[Spambayes] An alternate use

Tim Peters tim.one@comcast.net
Sun Nov 3 18:51:48 2002


[Tim]
> That's actually what started this project:  Barry Warsaw is GNU
> Mailman's author, and he asked me to look into adapting Graham's
> scheme for incorporation into Mailman. ...

[Rob Hooft]
> So, we'd have to make mailing lists keep a spam-archive as well? Or do
> we deliver spambayes with a pre-cooked spam archive to get started with
> new mailing lists?

That will remain unclear until someone sets up relevant experiments and
people measure results.  I'm counting on Barry to drive that.  Seeding a
mailing-list classifier with ham may also be a puzzle.  I suspect, but don't
know, that training several times on the initial list introduction post will
do well at that -- most lists have "a topic" <wink>, and a good list intro
is bound to mention many words characteristic of that topic.
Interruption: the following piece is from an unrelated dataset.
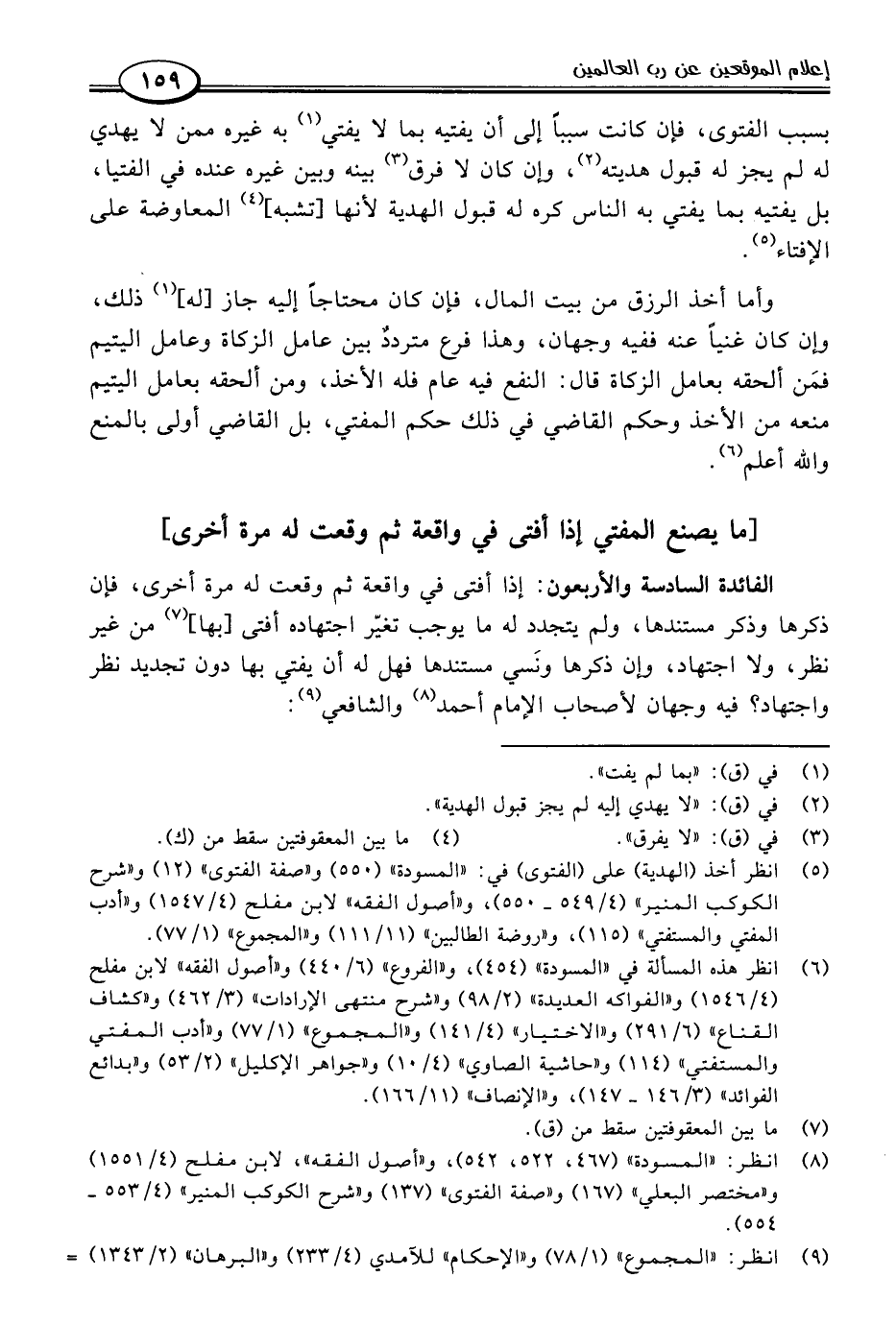 (٦) انظر هذه المسألة في "المسودة" (٤٥٤)، و"الفروع" (٦/ ٤٤٠) و"أصول الفقه" لابن مفلح (٤/ ١٥٤٦) و"الفواكه العديدة" (٢/ ٩٨) و"شرح منتهى الإرادات" (٣/ ٤٦٢) و"كشاف القناع" (٦/ ٢٩١) و"الاختيار" (٤/ ١٤١) و"المجموع" (١/ ٧٧) و"أدب المفتي والمستفتي" (١١٤) و"حاشية الصاوي" (٤/ ١٠) و"جواهر الإكليل" (٢/ ٥٣) و"بدائع الفوائد" (٣/ ١٤٦ - ١٤٧)، و"الإنصاف" (١١/ ١٦٦).

For python.org use, I expect we'll share a single spam corpus across all
non-personal email carried by that site.

One of the reasons I keep the default header analysis as
platform-independent as I can is so that it won't be a nightmare to *try* to
share spam stats.  I haven't tried to do this, though.
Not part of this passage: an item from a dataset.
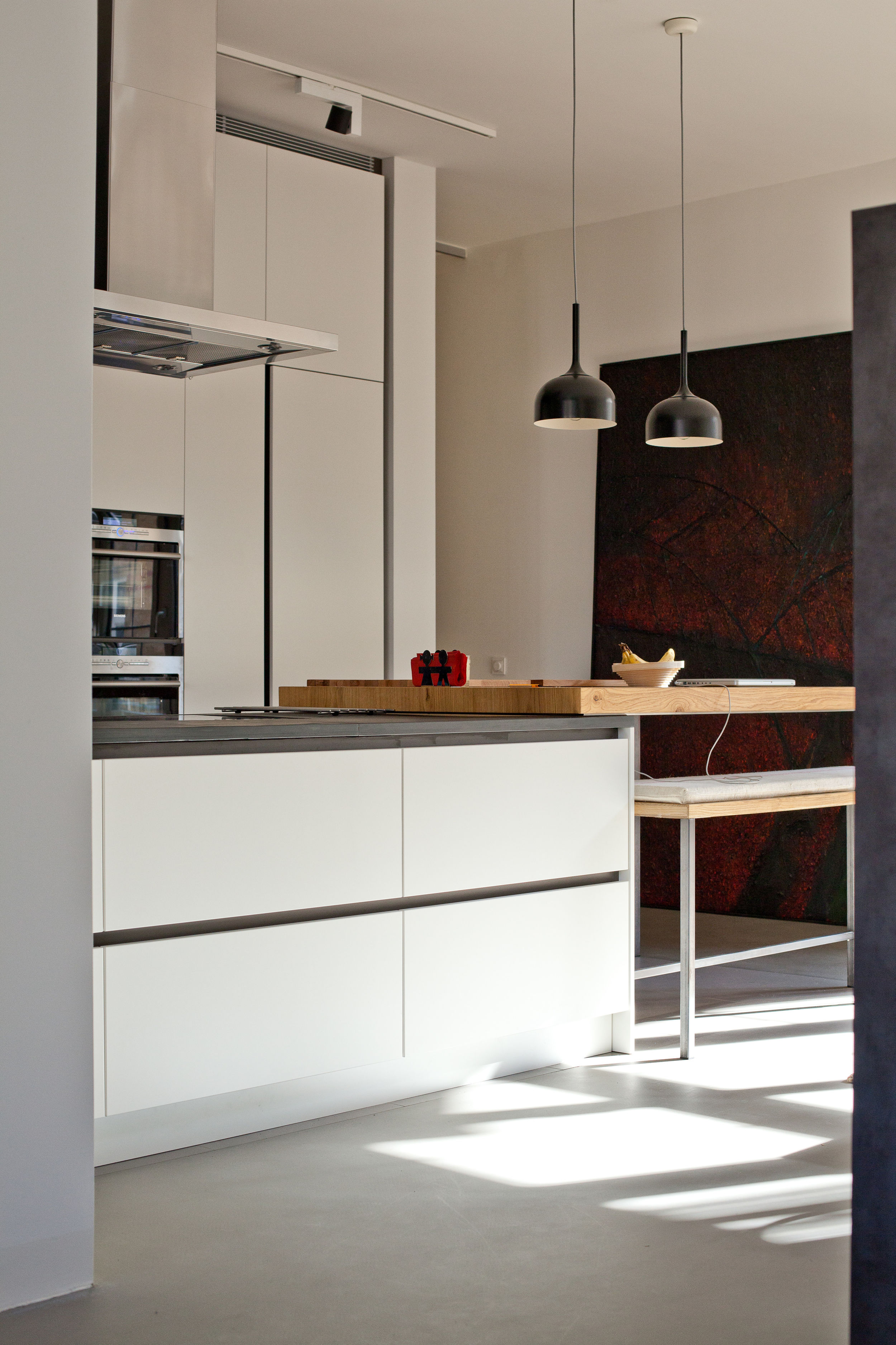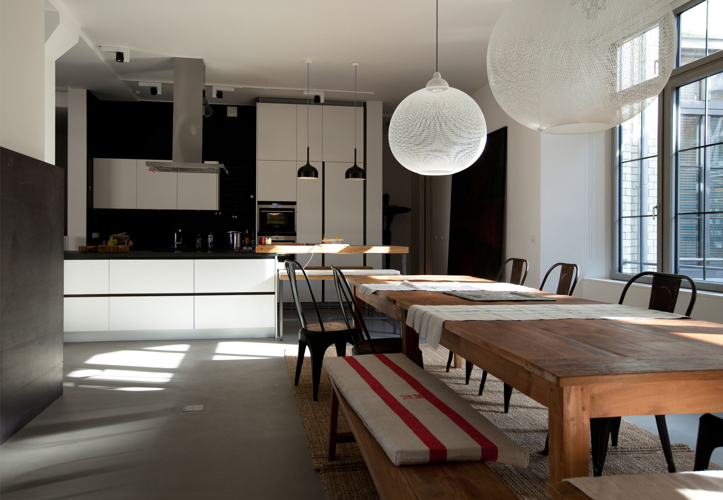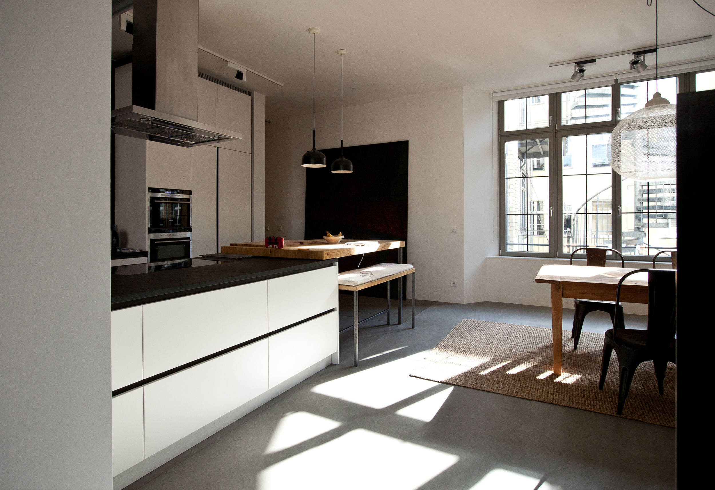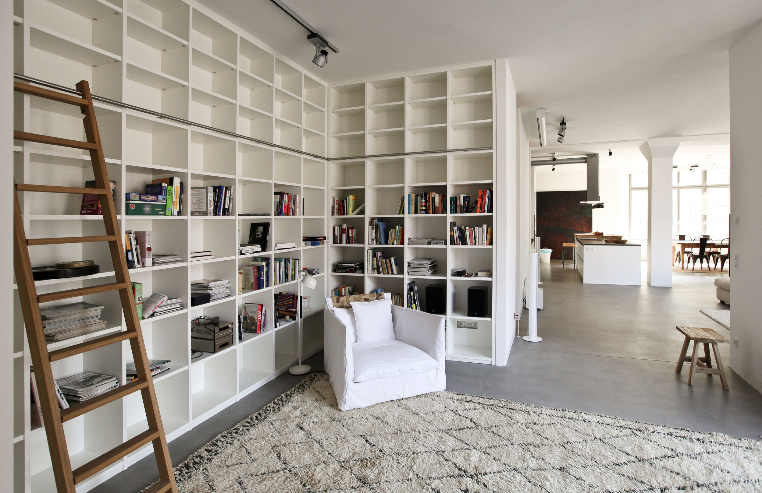 Ein loftartiger Ausbau in einem historischen Industriegebäude einer ehemaligen Schokoladenfabrik im Berliner Szenestadtteil Prenzlauer Berg ist hier entstanden. Lebensmittelpunkt ist ein großer Raum, der gleichzeitig dem Aufenthalt der Bewohner dient, als auch die offene Küche beherbergt. Wie eine Skulptur steht der stählerne Kamin mit durchgehender Brennkammer im Zentrum des Raums. Die privaten Bereiche, wie Schlafzimmer, Gästezimmer und Sanitärbereiche, schließen sich weitläufig links und rechts der Küche an. Der zurückhaltende Innenausbau schafft den angemessenen Rahmen für die expressiven Kunstwerke des Künstlers Trak Wendisch.

A hint of potential:  where w is the WordInfo dict from my fat c.l.py test:

"""
d = {}
for k, r in w.iteritems():
    if r.spamprob > 0.95 and r.spamcount + r.hamcount >= 10:
        d[k] = r

f = file('reduced.pik', 'wb')
pickle.dump(d, f, 1)
f.close()
"""

Of the 327,439 words in the full dict, 10,559 pass that rather demanding
test for "strong spamness" (high spamprob and not close to being a hapax).
Seeding a classifier with those *may* work well, although the probabilities
will get recomputed in the new classifier, and it's unclear (to me) how to
fiddle the spamcounts and hamcounts in the inherited words so that they
don't dominate the first year of a list's life.